長包はまた、教え子たちと一緒に、「音楽の民衆化、音楽の郷土化」を懐き、全県各地に音楽行脚を展開した。やがて長包メロディーは新時代の人々の愛唱歌となって沖縄中に広がった。しかし、時代は次第に暗黒に覆われるようになり、軍国主義の足音が近づいてきた。そんなときにも長包は、郷土音楽への信念を曲げることなく、この民謡調の作品を量産する。

戦後60年。幻の作品といわれた「嵐の曲」の楽譜も発見された。今、珠玉の長包メロディーを次の世代につなげていくことが求められている。

登野城(とのしろ)尋常小学校から師範学校へ

県師範学校を卒業した長包は、1907年(明治40年)に八重山島高等小学校(後の登野城尋常小学校)の訓導として赴任、音楽教育者としてスタートを切った。24歳の頃だった。
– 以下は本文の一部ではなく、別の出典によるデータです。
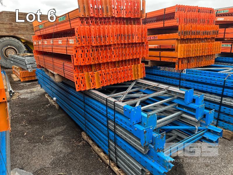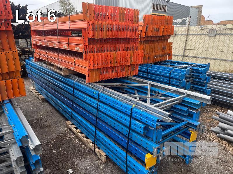 11 BAYS PALLET RACKING COMPRISING, 12 x DEXION UPRIGHTS, 4960mm (H) x 840mm (W) 108 x CROSSBEAMS, 2680mm (L) 2 X PALLETS

当時は標準語励行の時代。長包は、「最初のうちは方言混じりの普通語、方言ちゃんぽんの標準語でいいよ」と教えながらも、心温まる授業を繰り広げる。

1921年(大正10年)、38歳で沖縄県師範学校教諭心得となり、41歳で名曲「えんどうの花」を作曲した。

「えんどうの花の歌詞は、金城栄治先生が書かれました」

師範学校の教室で、生徒を前に長包が説明する。

「南国沖縄にしては珍しく、えんどうの花は純白で可憐な花だ。ふるさとの畑は、一面いっぱいえんどうの花が咲いている。夜は明けきらず、太陽もまだ顔を出してない、朝もやが低く立ちこめている。えんどうの白い花びらは玉のような朝露が残っていて、冷たい風に揺れている。まるで絵に描いたように、ふるさとの情景が浮かんでくる。一羽のつばめが飛んでいるのもいい。何とも言えず、郷愁を誘うものだ」

撮影は那覇西高校の音楽教室で行われ、池田演じる長包がピアノを弾きながら「えんどうの花」を歌う貴重なシーンとなっている。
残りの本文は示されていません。